Omit the pictures and return exactly the stretch of the material below from the line with "Amazon Basics Ruled" through the line with "ALAZA Brown Yellow".

Extracted material:
● ● ● ● ● ● ●
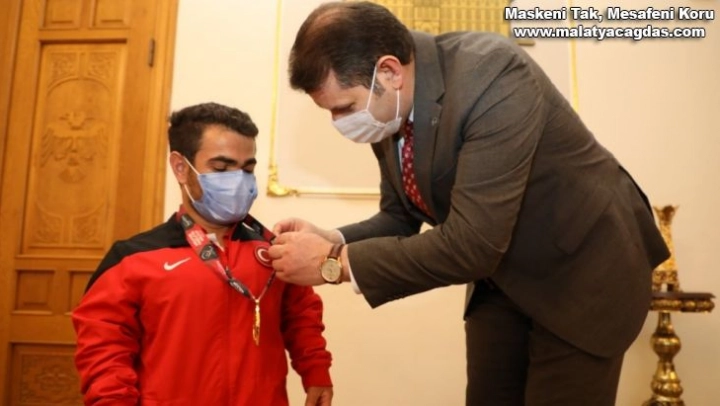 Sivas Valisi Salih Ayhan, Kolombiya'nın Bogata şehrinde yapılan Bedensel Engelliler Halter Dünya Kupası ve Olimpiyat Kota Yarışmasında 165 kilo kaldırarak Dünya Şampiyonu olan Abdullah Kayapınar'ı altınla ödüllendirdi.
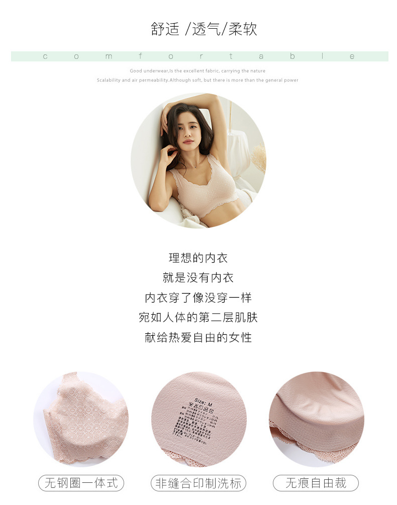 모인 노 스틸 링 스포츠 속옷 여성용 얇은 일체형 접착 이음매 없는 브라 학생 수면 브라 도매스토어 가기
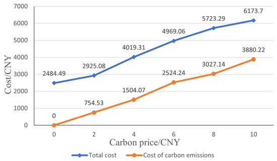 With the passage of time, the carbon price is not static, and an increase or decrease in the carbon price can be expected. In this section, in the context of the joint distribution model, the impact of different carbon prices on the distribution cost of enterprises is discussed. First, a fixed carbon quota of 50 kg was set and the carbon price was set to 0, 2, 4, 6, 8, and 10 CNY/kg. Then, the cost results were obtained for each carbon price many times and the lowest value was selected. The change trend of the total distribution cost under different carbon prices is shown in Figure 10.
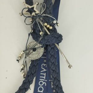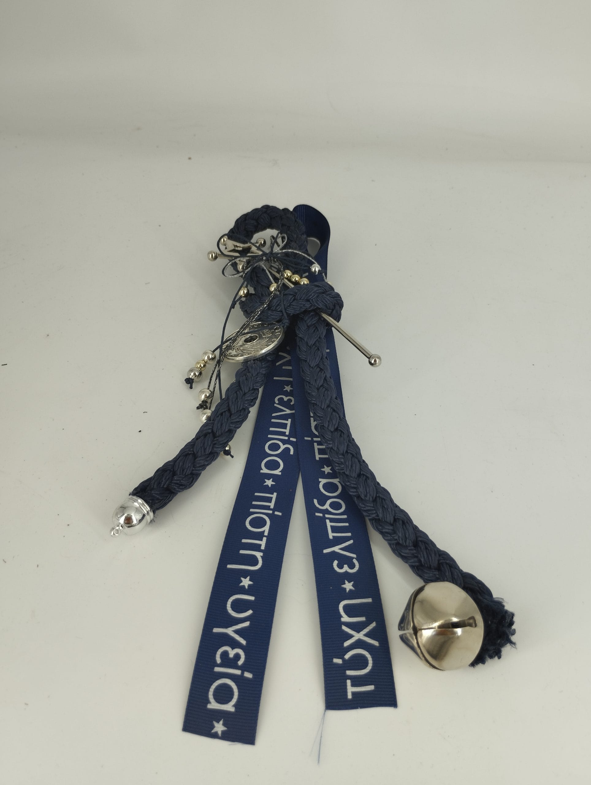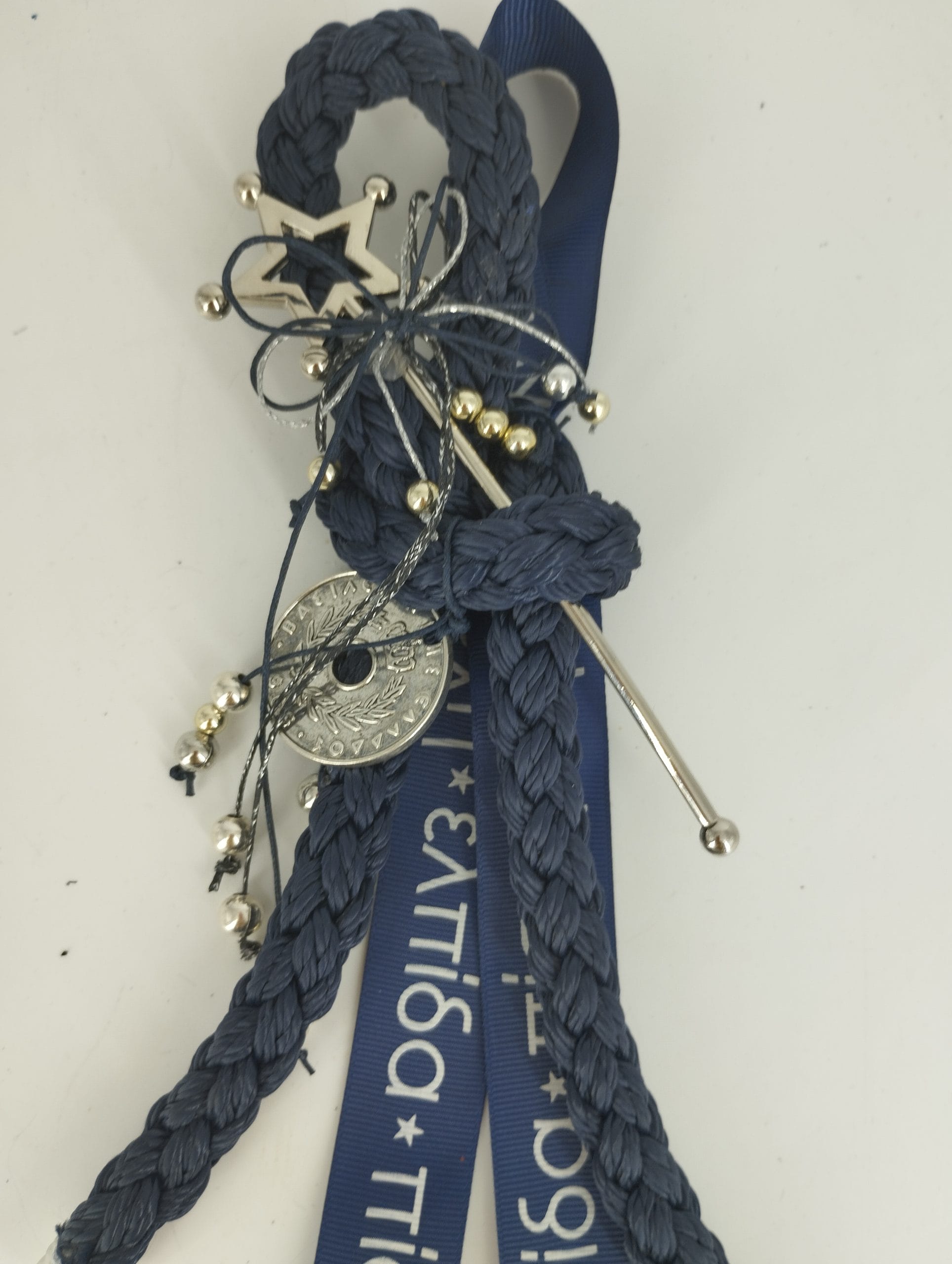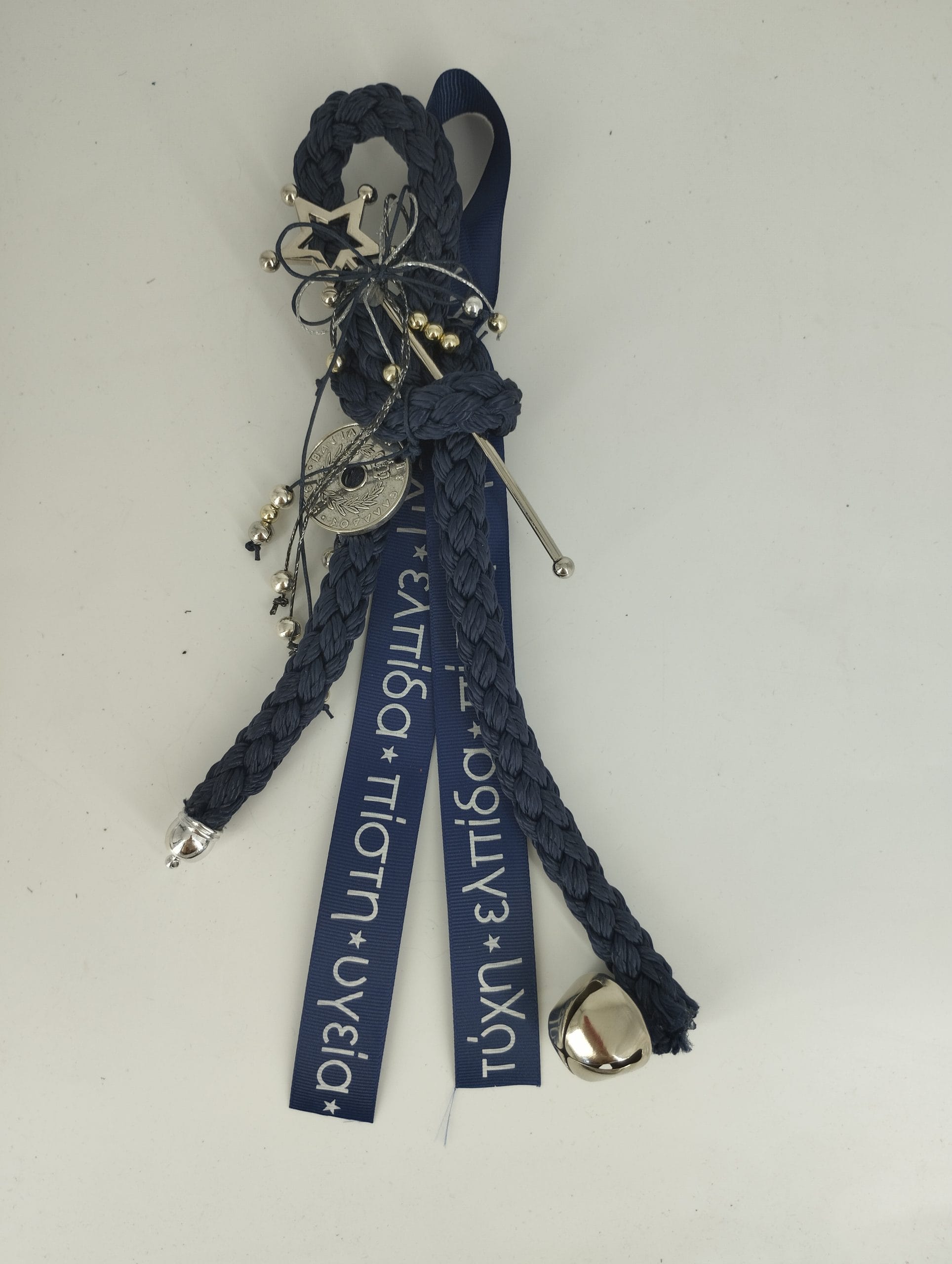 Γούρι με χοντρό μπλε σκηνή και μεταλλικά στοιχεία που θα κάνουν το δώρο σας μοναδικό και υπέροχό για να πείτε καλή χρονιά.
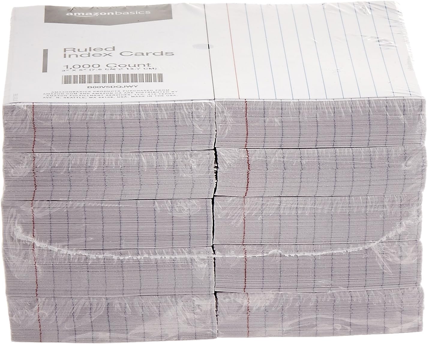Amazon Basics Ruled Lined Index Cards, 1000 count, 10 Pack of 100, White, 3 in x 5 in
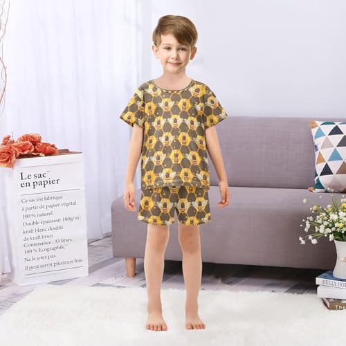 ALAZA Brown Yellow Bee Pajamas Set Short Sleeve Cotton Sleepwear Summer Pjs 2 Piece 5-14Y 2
● ● ● ● ● ● ●
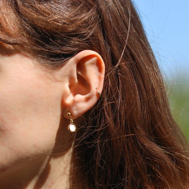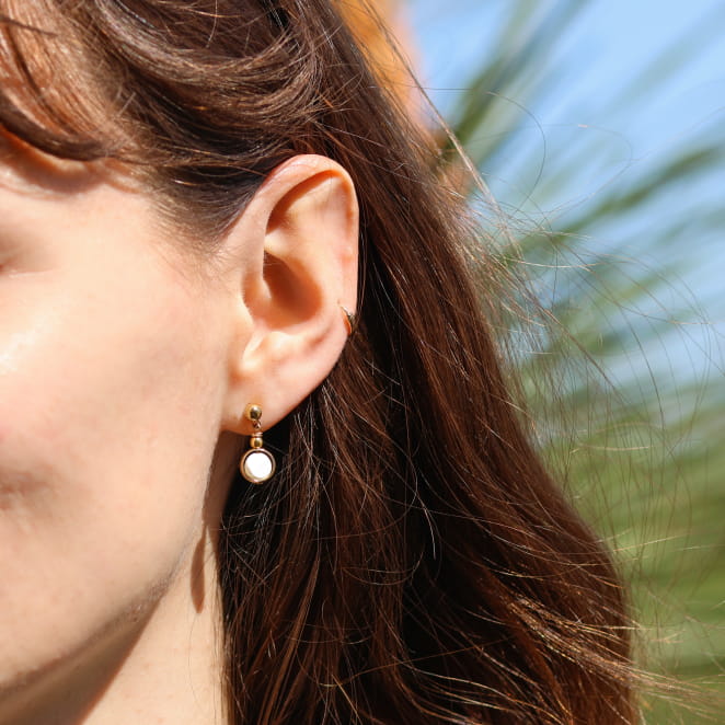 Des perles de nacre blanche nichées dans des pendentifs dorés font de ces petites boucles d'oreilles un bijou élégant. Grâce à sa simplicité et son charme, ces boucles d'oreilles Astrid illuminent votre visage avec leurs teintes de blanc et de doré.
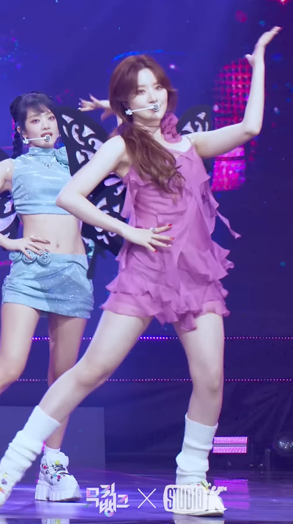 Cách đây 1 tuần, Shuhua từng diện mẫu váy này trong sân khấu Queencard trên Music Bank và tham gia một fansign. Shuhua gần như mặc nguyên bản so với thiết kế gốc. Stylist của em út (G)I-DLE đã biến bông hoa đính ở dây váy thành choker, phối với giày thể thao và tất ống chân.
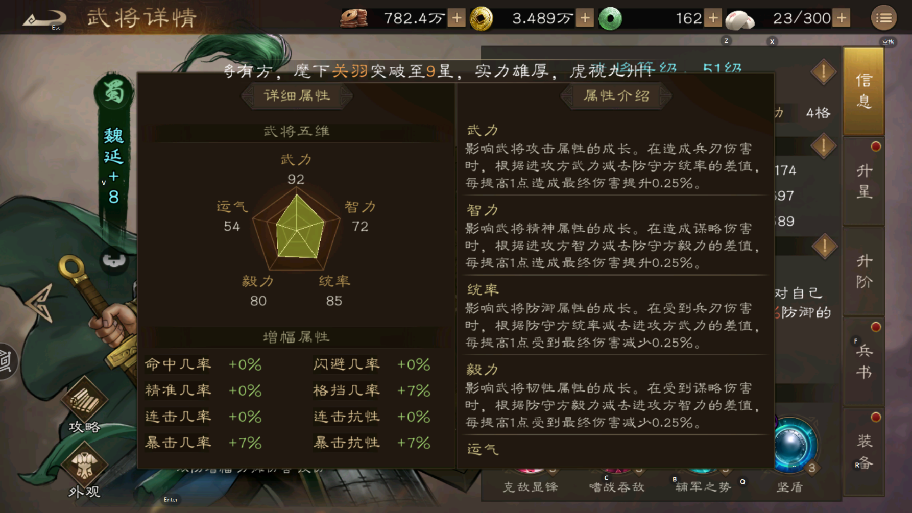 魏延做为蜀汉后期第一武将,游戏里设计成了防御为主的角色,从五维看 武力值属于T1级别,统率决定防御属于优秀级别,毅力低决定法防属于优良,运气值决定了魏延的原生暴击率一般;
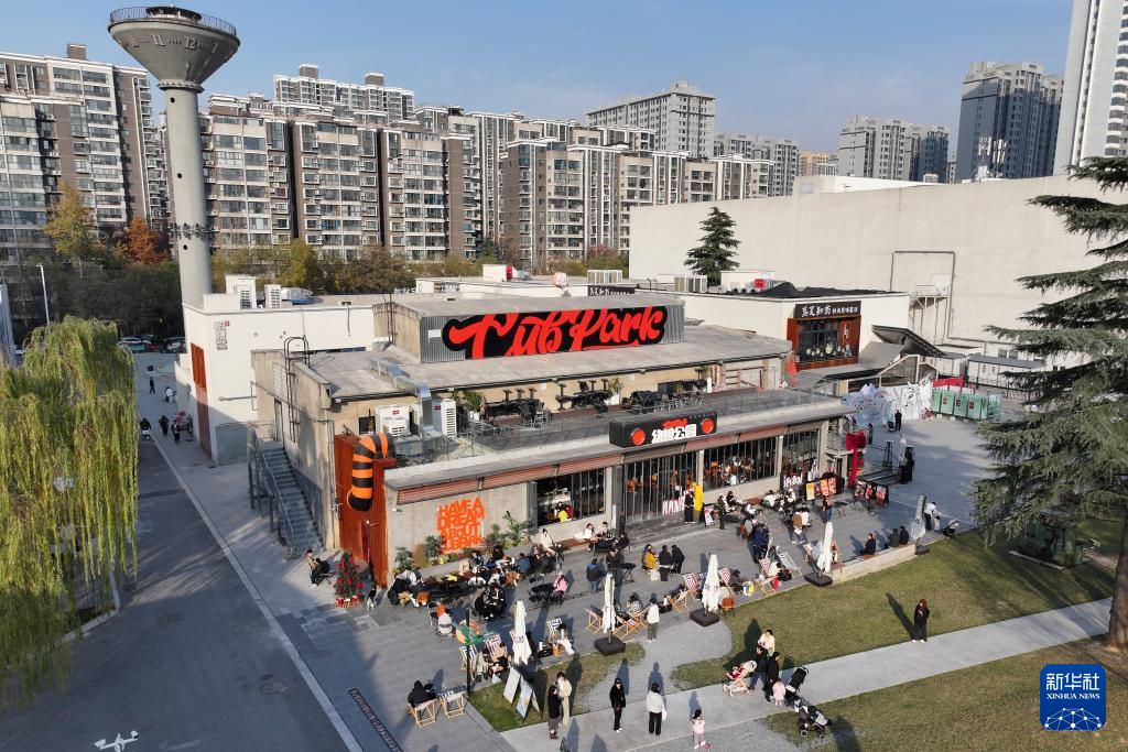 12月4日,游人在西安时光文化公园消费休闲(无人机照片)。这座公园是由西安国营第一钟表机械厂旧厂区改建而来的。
● ● ● ● ● ● ●
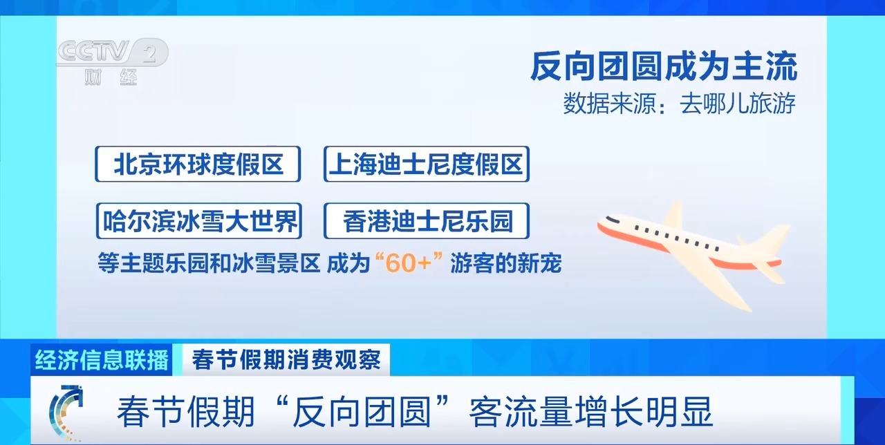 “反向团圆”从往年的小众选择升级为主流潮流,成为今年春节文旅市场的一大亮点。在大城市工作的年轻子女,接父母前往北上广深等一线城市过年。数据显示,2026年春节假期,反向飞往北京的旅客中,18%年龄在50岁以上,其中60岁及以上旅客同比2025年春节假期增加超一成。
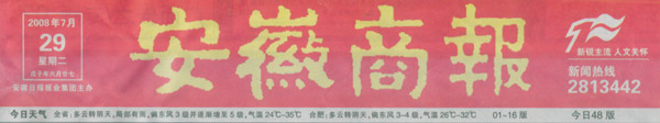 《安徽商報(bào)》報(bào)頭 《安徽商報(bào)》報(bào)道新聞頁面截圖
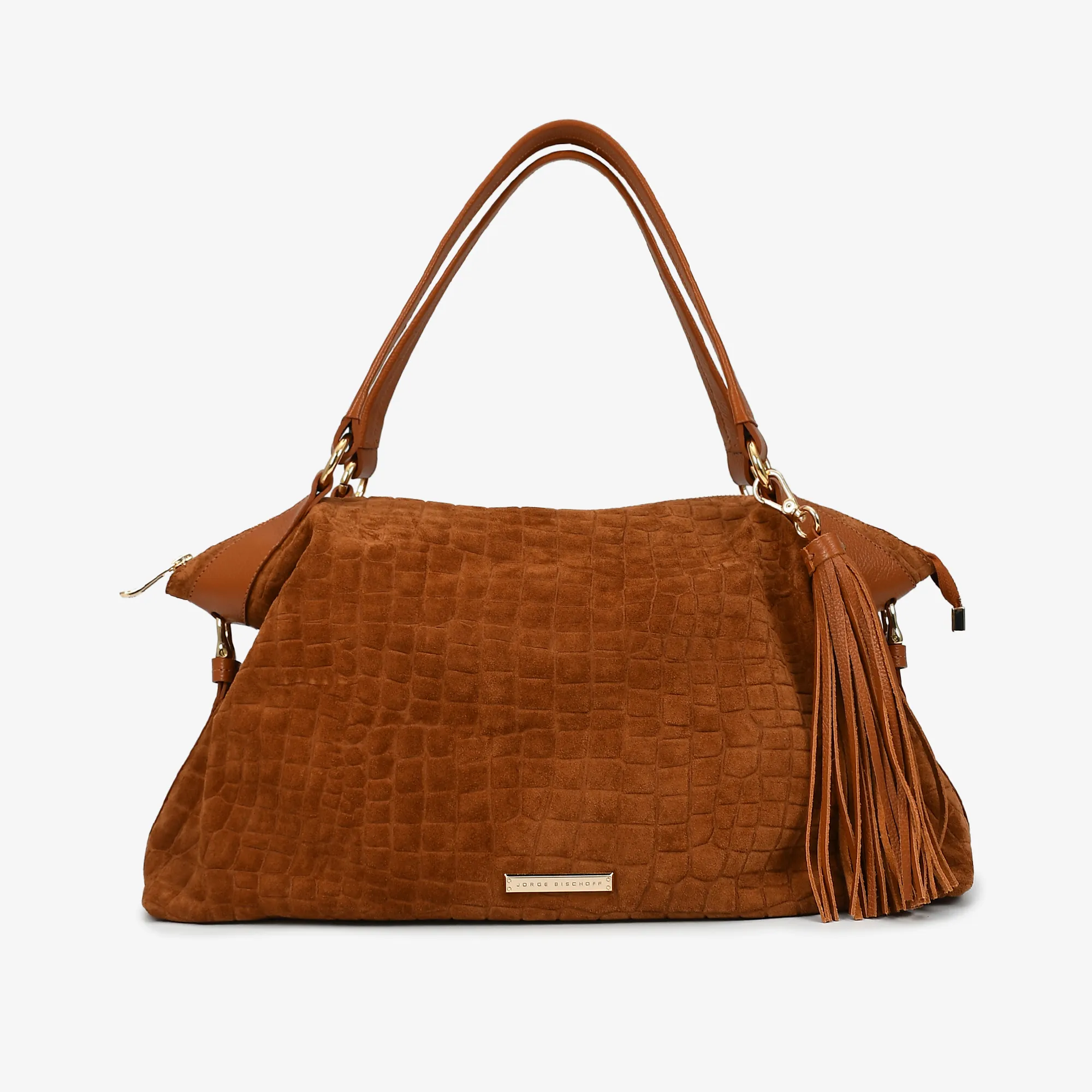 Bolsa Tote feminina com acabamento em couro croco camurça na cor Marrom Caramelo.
● ● ● ● ● ● ●
Exercise solution:
Amazon Basics Ruled Lined Index Cards, 1000 count, 10 Pack of 100, White, 3 in x 5 in
 ALAZA Brown Yellow Bee Pajamas Set Short Sleeve Cotton Sleepwear Summer Pjs 2 Piece 5-14Y 2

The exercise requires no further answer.